Plaintiffs show that the Ventralex's IFU's inadequate warnings were the proximate cause of Mr. Milanesi's injuries. Dr. Gill testified that had he known about the Ventralex's risk of buckling, which includes ePTFE contraction and memory coil ring issues, and the ePTFE-specific risk of infection, he would not have used the Ventralex device for Mr. Milanesi's hernia repair. (ECF No. 57-4 at PageID #581, pp. 96-97; 585-86, pp. 113-15.) This is sufficient to survive summary judgment. Defendants focus on Dr. Gill's statements that he would want information about “excessive” risks (ECF No. 111 at PageID #10613), but what Dr. Gill means when he says “excessive” does not help the Defendants. Most importantly, when the Court views his testimony in the light most favorable to Plaintiffs and draws all inferences in their favor, Dr. Gill's characterization of the unaddressed risks does not override the point of his deposition testimony that he would have used a different device had he known about the risks described to him during the deposition. That his testimony may be subject to different interpretations is an issue of witness credibility for the jury.
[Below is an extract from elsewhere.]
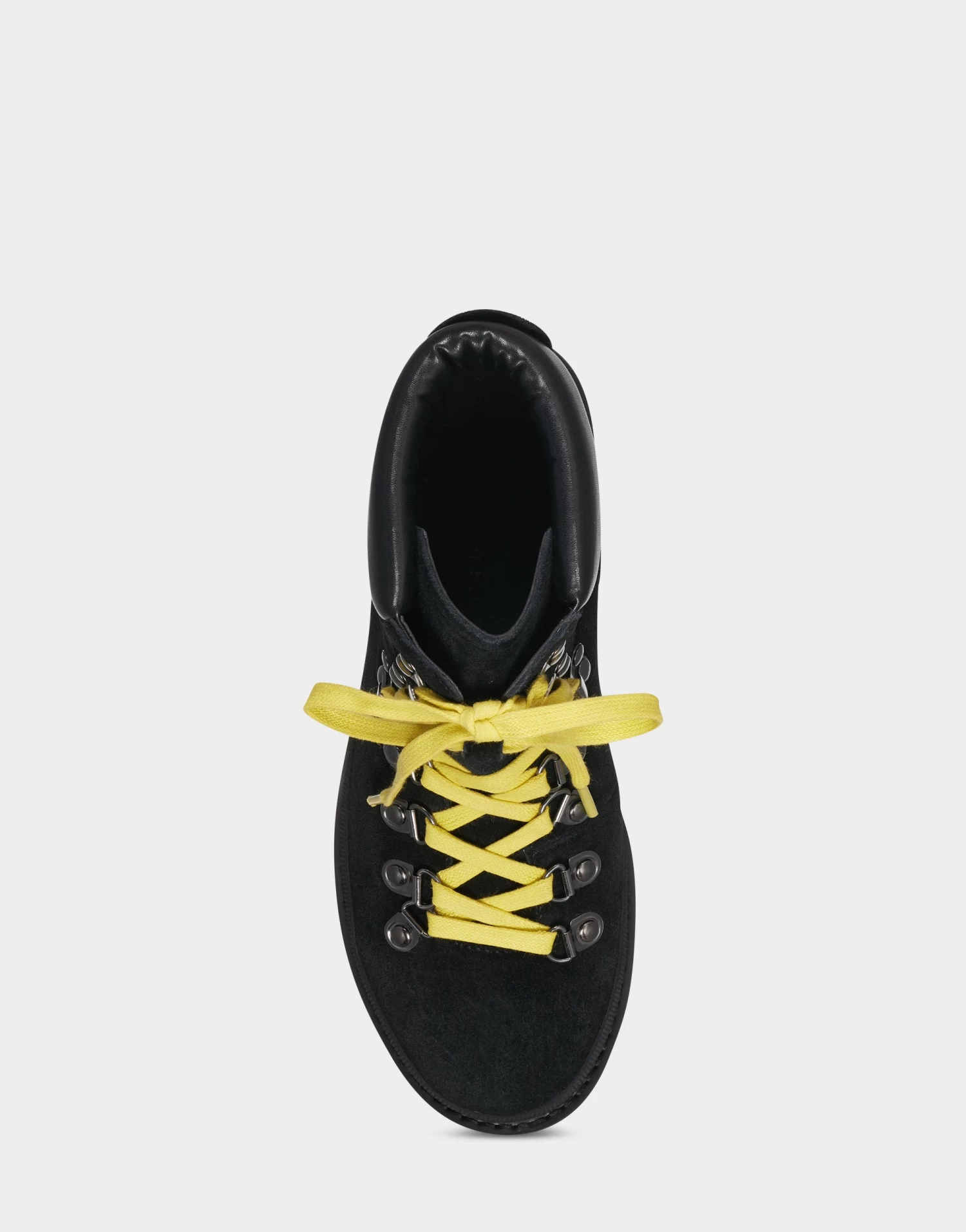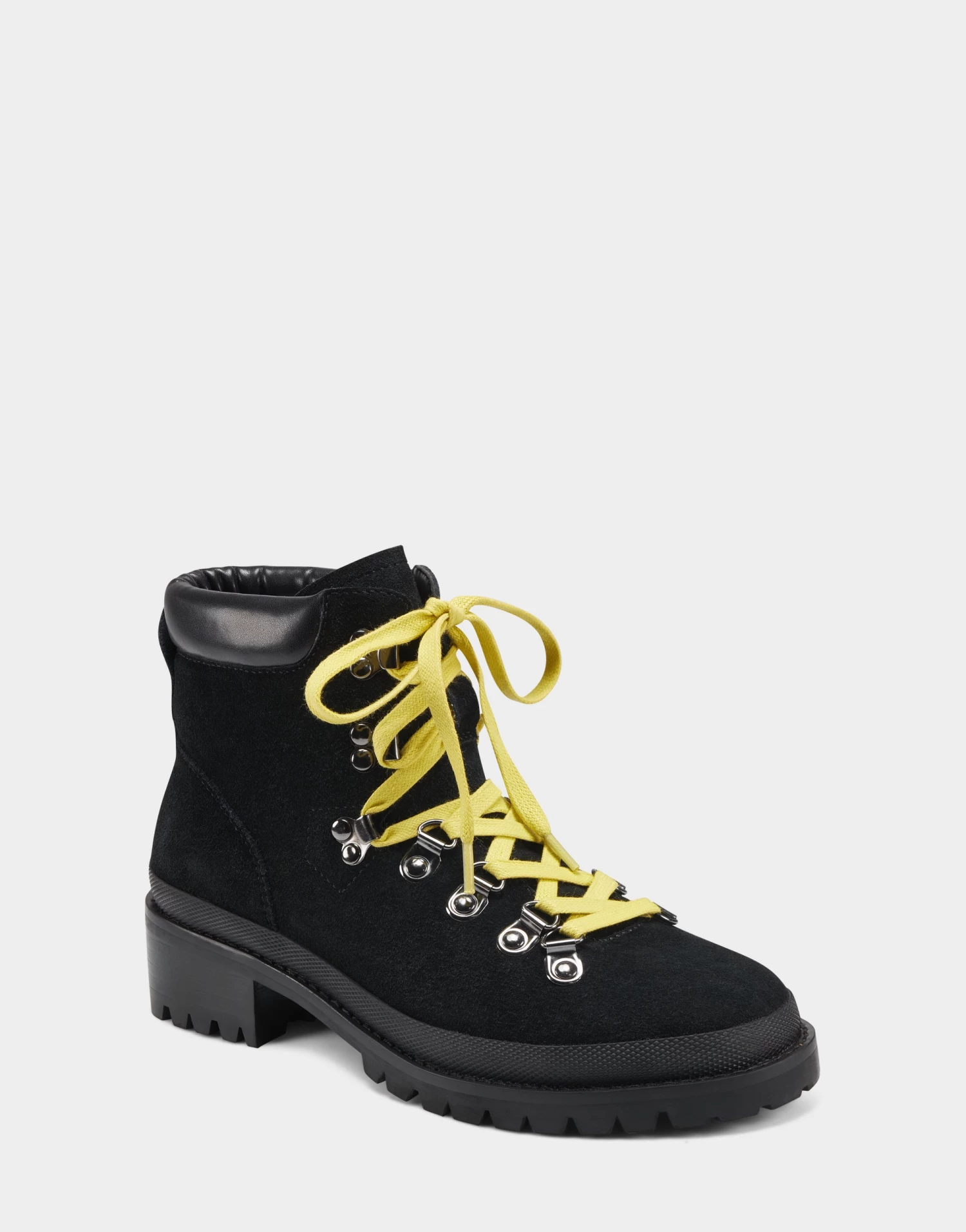 Look on the bright side! Vibrant yellow laces enliven the Cruz, accented by gunmetal speed hooks. Soft suede enhances the look, complemented by sturdy lug soles and a stacked heel. A hiking boot designed for the urban landscape, it pairs perfectly with jeans or leggings as part of a laid-back weekend outfit.ย

Defendants counter that Dr. Gill had independent knowledge of the applicable risks of the Ventralex, severing any causal connection between the IFU and Mr. Milanesi's injuries. (ECF No. 404-06.) But Dr. Gill is clear that he associated the buckling and ePTFE risks with features or issues unique to the Ventralex device. (ECF No. 57-4 at PageID #581, pp. 96-97; 585-86, pp. 113-15.) The more general knowledge about hernia mesh devices that Defendants point to only demonstrates a factual issue of whether Dr. Gill in fact did not have independent knowledge of the applicable risks in light of his previous experience-which is a jury question.
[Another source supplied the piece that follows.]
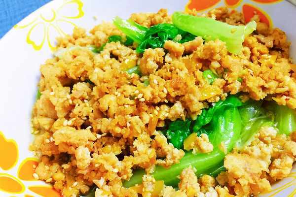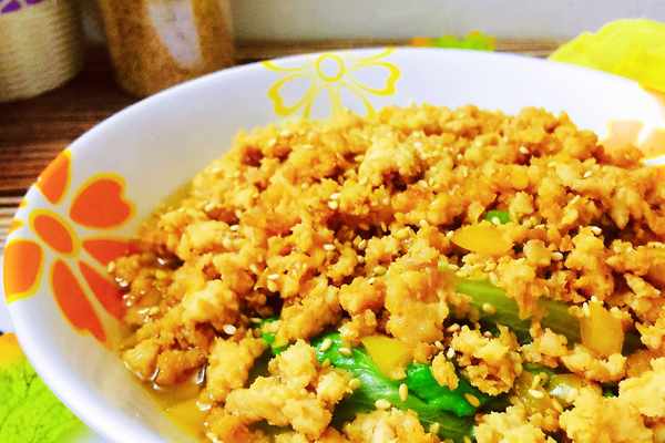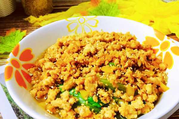 第五步:將煮好的肉末醬汁直接淋到生菜上,再往上面撒一些熟芝麻做點綴,這樣一道香噴噴的"蓋澆生菜"就做好了~

Defendants also contend that Plaintiffs do not offer an adequate alternative warning from an expert. (ECF No. 57 at PageID #405.) However, “[t]here is no requirement that an expert produce an alternative warning for his testimony to be admissible.” Mizrahi v. Yamaha Motor Corp., U.S.A., No. 17-24484-CIV-SCOLA/TORRES, 2019 WL 3318527, at *11 (S.D. Fla. 2019).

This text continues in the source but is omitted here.